▸ **Task to carry out**
In the material below, pictures must be dropped. Repeat exactly, and only, the lines from the line with "2025春夏新款女鞋时尚尖头包头凉鞋优雅气质百搭细跟浅口鞋高跟鞋" to the line with "NowShe Tours provides", both ends included.

▸ **Listed entries**
= = = = = = =

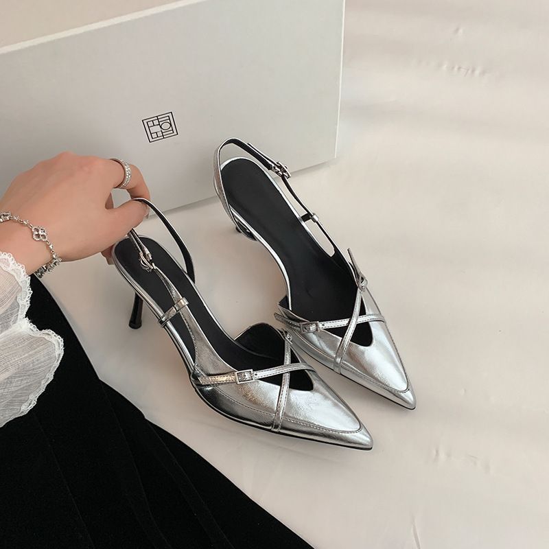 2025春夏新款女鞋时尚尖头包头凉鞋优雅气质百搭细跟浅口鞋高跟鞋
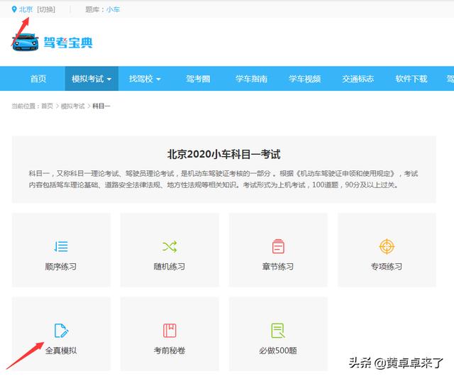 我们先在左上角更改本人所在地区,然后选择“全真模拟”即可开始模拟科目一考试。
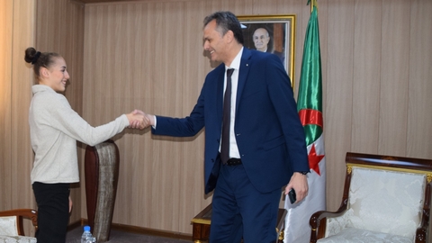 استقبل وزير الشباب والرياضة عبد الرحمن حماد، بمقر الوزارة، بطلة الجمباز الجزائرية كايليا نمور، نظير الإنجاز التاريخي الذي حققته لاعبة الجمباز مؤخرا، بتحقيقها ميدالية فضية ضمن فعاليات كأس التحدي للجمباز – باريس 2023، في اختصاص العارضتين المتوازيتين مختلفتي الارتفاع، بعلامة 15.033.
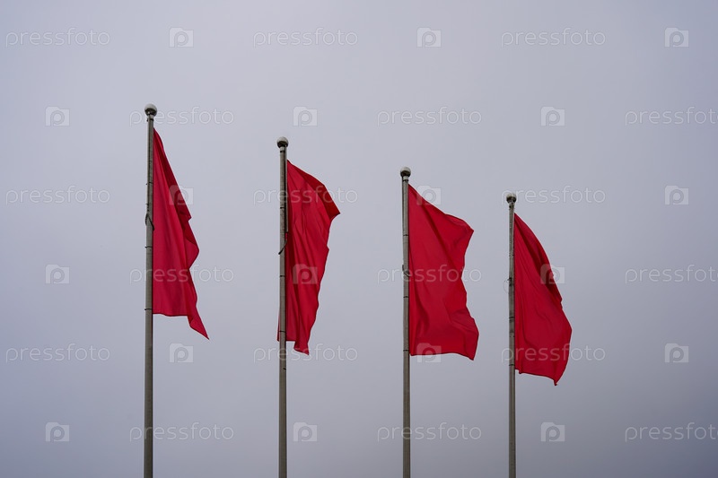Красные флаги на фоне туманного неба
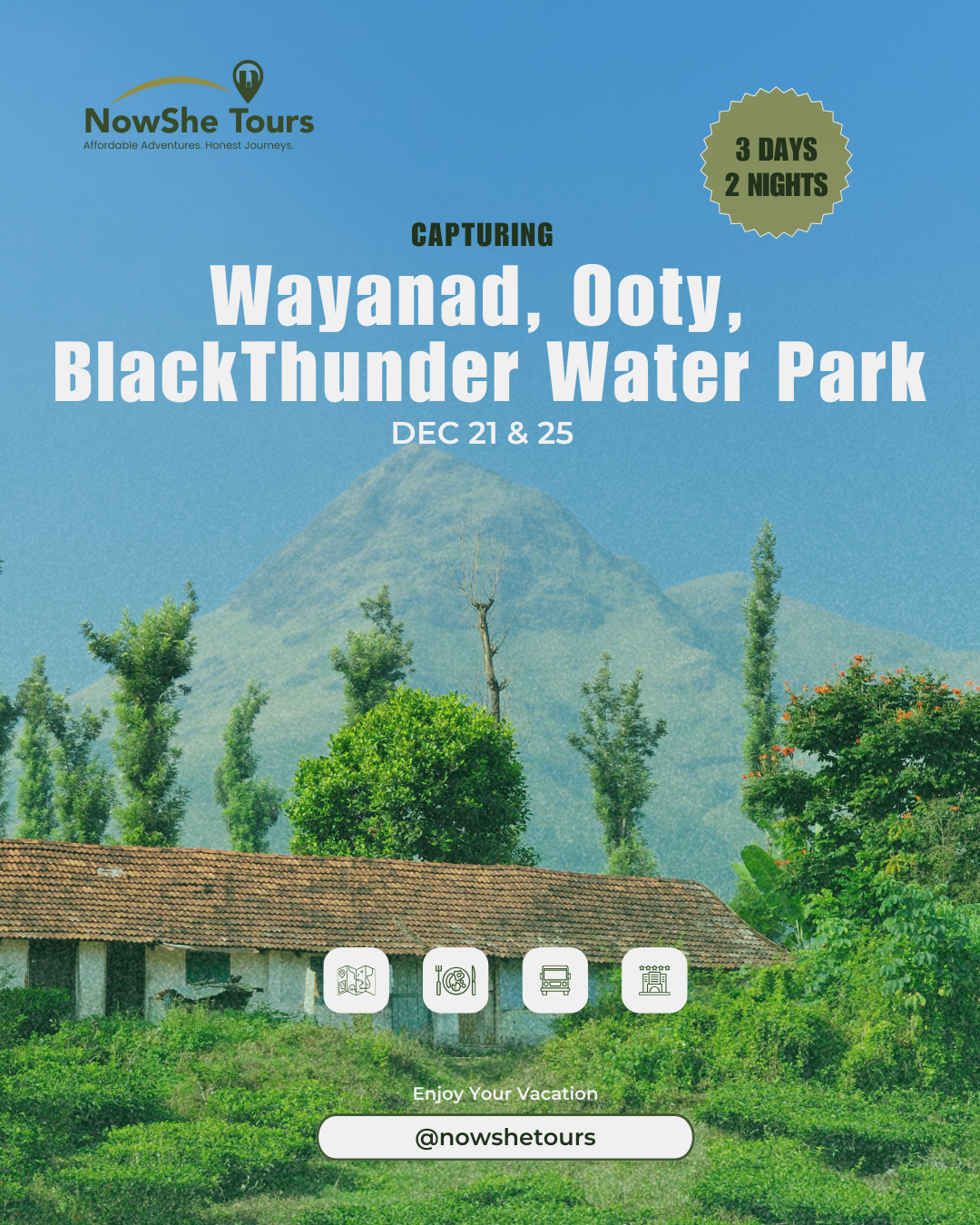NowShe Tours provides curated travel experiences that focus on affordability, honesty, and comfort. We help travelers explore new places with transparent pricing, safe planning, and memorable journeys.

= = = = = = =

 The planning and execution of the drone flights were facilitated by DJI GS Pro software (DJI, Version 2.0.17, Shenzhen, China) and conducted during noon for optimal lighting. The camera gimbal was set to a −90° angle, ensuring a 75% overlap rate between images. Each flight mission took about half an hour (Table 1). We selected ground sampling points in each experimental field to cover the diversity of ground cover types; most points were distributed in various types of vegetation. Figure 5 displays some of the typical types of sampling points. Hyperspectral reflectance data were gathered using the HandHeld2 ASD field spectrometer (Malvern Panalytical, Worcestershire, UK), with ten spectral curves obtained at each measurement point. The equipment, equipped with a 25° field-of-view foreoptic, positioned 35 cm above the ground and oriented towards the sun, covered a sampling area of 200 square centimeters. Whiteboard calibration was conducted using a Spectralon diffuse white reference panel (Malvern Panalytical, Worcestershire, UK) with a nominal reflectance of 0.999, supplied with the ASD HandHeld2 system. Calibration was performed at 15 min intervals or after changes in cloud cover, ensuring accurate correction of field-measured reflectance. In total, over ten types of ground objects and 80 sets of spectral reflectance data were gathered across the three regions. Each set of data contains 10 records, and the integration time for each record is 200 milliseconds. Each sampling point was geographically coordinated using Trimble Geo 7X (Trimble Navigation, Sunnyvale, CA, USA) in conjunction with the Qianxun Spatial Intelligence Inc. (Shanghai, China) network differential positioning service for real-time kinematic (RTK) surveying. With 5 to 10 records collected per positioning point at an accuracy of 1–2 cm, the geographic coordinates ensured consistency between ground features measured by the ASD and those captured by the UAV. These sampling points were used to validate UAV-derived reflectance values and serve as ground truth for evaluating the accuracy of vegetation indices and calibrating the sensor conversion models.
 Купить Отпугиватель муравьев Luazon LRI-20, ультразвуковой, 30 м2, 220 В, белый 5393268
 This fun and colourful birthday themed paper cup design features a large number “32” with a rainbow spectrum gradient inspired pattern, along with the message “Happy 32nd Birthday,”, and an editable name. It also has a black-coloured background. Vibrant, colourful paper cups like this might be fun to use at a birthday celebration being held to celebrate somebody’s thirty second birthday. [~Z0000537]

= = = = = = =

▸ **Task solution**
 2025春夏新款女鞋时尚尖头包头凉鞋优雅气质百搭细跟浅口鞋高跟鞋
 我们先在左上角更改本人所在地区,然后选择“全真模拟”即可开始模拟科目一考试。
 استقبل وزير الشباب والرياضة عبد الرحمن حماد، بمقر الوزارة، بطلة الجمباز الجزائرية كايليا نمور، نظير الإنجاز التاريخي الذي حققته لاعبة الجمباز مؤخرا، بتحقيقها ميدالية فضية ضمن فعاليات كأس التحدي للجمباز – باريس 2023، في اختصاص العارضتين المتوازيتين مختلفتي الارتفاع، بعلامة 15.033.
Красные флаги на фоне туманного неба
NowShe Tours provides curated travel experiences that focus on affordability, honesty, and comfort. We help travelers explore new places with transparent pricing, safe planning, and memorable journeys.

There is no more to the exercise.